Он вышел, и молодые люди остались наедине.

— Наверное, я утомил вас своими рассказами, — сказал Воинов. — А вы похорошели, Элеонора Сергеевна. Замуж не выходите?

— Нет.

— Я недавно видел Ланского, он здоров, не ранен, воюет…

— Правда? — Элеонора почувствовала, как замерло ее сердце.

— Правда, моя дорогая. Я виделся с ним неделю назад.

Вернулся Петр Иванович, и мужчины возобновили разговор об оказании медицинской помощи в полевых условиях. Элеонора посмотрела на часы. Было уже очень поздно, она поднялась и, пожелав дяде и его ученику спокойной ночи, ушла к себе.

Свернувшись в постели, она стала думать о том, почему Ланской, если он жив и здоров, до сих пор не написал ей.

Постепенно эти раздумья довели ее до отчаяния. Уже не надеясь уснуть, она вскочила с кровати и начала расхаживать по комнате. Алексей не любит ее! Она вспоминала доводы Титовой, и теперь они казались ей неопровержимыми. В слезах Элеонора бросилась на колени перед иконами…

К утру она приняла решение.

* * *

— Ты сошла с ума! — закричала Александра Ивановна, когда на следующий день Элеонора сообщила ей, что отправляется на фронт вместе с Воиновым. — Я никуда тебя не отпущу! Это не место для молодых девушек.

— Но я же не собираюсь воевать, как Жанна д’Арк, — рассудительно возражала Элеонора. — Я просто буду работать там, где во мне нуждаются.
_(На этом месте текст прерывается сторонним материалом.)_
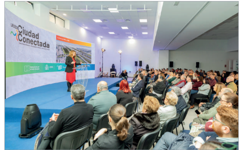
La I Teniente de Alcalde desgranó los proyectos previstos en el PAI.

salud, fortaleciendo el eje de la innovación, la digitalización, la acción contra el cambio climático, la inclusión social y las señas de identidad de La Rinconada como son la cultura y el deporte. Supondrán hasta 15 millones de euros para la transformación del municipio de los próximos años como una ciudad con alma de gran pueblo, que aspira a tener un liderazgo importante en Sevilla y estar a la vanguardia en convivencia, emprendimiento y oportunidades”, ha afirmado.
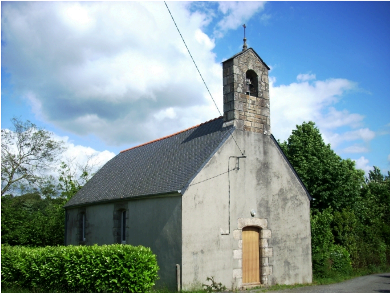
Chapelle Sainte-Anne : vue générale nord-ouest
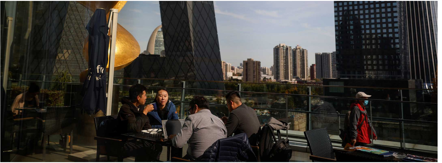
2020年10月27日北京，人们在中央电视台总部大楼附近的露台餐厅吃午餐。
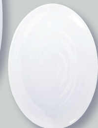
Plat ovale 35 cm Oval platter 13.8"
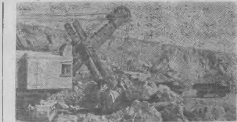
Казахская ССР. В открытом карьере рудоуправления «Аксай» горнохимического комбината «Кара-Тай» ведут разработку мощные экскаваторы. Руду вывозят 25-тонные самосвалы Минского автозавода. Коллективы экскаваторного и автомобильного парков, отвечая на призывы партии и правительства об увеличении производства минеральных удобрений, упорно добиваются повышения производительности горнотехнического оборудования.
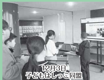
12月3日 子どもはしっこ同盟
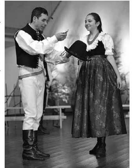
Zespół „Bestwina” na Tygodniu Kultury Beskidzkiej
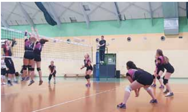
Juniorki Asika już grają w lidze wojewódzkiej.

go ŁKS, która w tamtym sezonie była finalistką Mistrzostw Polski Kadetek. Asik przegrał ten pojedynek 0:3, ale gra nie była zła.
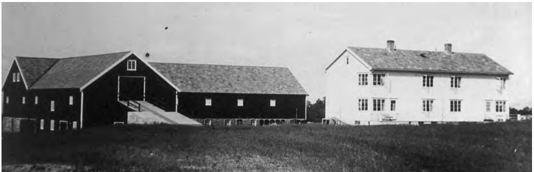
Gårdsbruket på Reitgjerdet - Brøset gård - i 1935. Gårdsanlegget ble gjenoppbygd på østsiden av Brøsetvegen etter brannen i 1931.

I den felles inngangen til leilighetene hang det en telefon på veggen som var koblet opp mot sentralbordet på Reitgjerdet sykehus, og som alle kunne be-
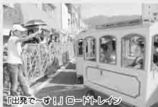
「出発で〜す！」ロードトレイン

Вчера Константин Георгиевич говорил, что ему очень меня не хватает.

— Ума ему не хватает, вот чего! — застонала Титова и выбежала из кабинета.

Пожав плечами, Элеонора продолжила готовиться к предстоящей операции с Демидычем.

Через несколько минут вернулась Титова, за руку она тащила крайне смущенного Воинова.

— Это что же вы надумали, Элеонора Сергеевна? — начал он. — Немедленно выбросьте эту глупость из головы!

— В вашем лазарете нет операционной сестры, Константин Георгиевич. Я буду работать с вами, и вы сможете спасти больше людей. Разве это не так?

Он посмотрел на нее с ужасом.

— Так это или не так, я не позволю вам рисковать своей жизнью! Вы еще ребенок и не можете самостоятельно отвечать за свои поступки!

— Я не ребенок, — не повышая тона, сказала Элеонора. — Я хорошая операционная сестра, и вам это известно. Я с отличием окончила курсы, и теперь меня с радостью примут в любом военном госпитале. Если вы не возьмете меня с собой, я найду другое место, и никто не запретит мне устроиться на службу туда, куда я хочу.

— Элеонора Сергеевна, перестаньте наконец! — раздраженно произнес Воинов. — Поговорили, и хватит.

— Как вам будет угодно. — Отвернувшись от него, она раскрыла историю больного, которого предстояло оперировать.

— Нет, ну ты посмотри на эту упрямицу! — воскликнула Титова. Подскочив к Элеоноре, она в сердцах вырвала у нее из рук историю болезни и швырнула на стол.